Sarzo Giacomo, Finco Cristiano, Parise Paolo, Vecchiato Massimo, Savastano Silvia, Luongo Barbara, Degregori Stefano, Bocus Paolo, Marino Filippo, Poletti Alessandro, De Lazzari Franca, Merigliano Stefano

机构信息

Department of Medical and Surgical Sciences, III General Surgery Clinic, Coloproctology Units, S. Antonio Hospital, University of Padua.

出版信息

Chir Ital. 2005 Nov-Dec;57(6):789-98.

Abstract

Colitis cystica profunda is a rare intestinal lesion. Because of its clinical expression (rectorrhagia, mucorrhea and abdominal pain) and the way it appears to current imaging techniques this disease presents features which can be associated with colon neoplasm. Its diagnosis has to be confirmed histologically, and its etiology remains unclear. The following is a case report of colitis cystica profunda recurring 20 years after a first episode in a white woman, who had had an anterior resection of the sigmoid colon and upper rectum to deal with a colitis cystica profunda-induced stenosis of the sigmoid colon and at 41 underwent the transanal removal of a polypoid lesion. A review of 20 cases in the literature showed that colitis cystica profunda has a predilection for the male and generally affects the medial and lower rectum and the sigmoid colon. The literature also confirmed the association with ulcerative rectocolitis, Crohn's disease and rectal prolapse.
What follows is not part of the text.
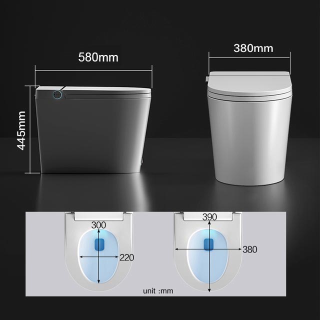 Idéal pour la rénovation, seules l'arrivée d'eau, l'évacuation et une arrivée électrique lui sont nécessaires. La faible profondeur 58cm du WC permet un gain de place. L'extrémité arrière du WC est rétractée, la taille de la lunette reste la même. Abattant chauffant à température réglable! Activation de la chasse d'eau automatique par détection de présence ou manuel. Ultra silencieux. Norme CE.
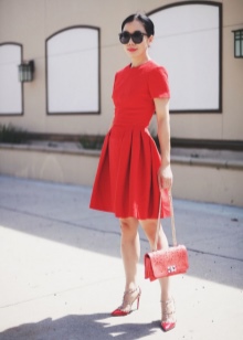 - Luxurious outfit, suitable not only for every day, but also for an evening out. A light blue blouse, combined with a red skirt, cut to the sun, knee-length. A great addition to this outfit will be lacquer boats in a beige shade.

The type of treatment varies from surgical, medical, and endoscopic to no treatment at all.

摘要

深部囊性结肠炎是一种罕见的肠道病变。由于其临床表现(便血、黏液便和腹痛)以及在当前成像技术下的表现方式,这种疾病呈现出一些可能与结肠肿瘤相关的特征。其诊断必须通过组织学确认,病因仍不明确。以下是一例深部囊性结肠炎病例报告,一名白人女性在首次发病20年后复发,她曾因深部囊性结肠炎导致乙状结肠狭窄接受了乙状结肠和上段直肠前切除术,并在41岁时经肛门切除了一个息肉样病变。对文献中20例病例的回顾显示,深部囊性结肠炎好发于男性,通常累及直肠中下段和乙状结肠。文献还证实了其与溃疡性直肠结肠炎、克罗恩病和直肠脱垂的关联。治疗方式从手术、药物、内镜治疗到根本不治疗各不相同。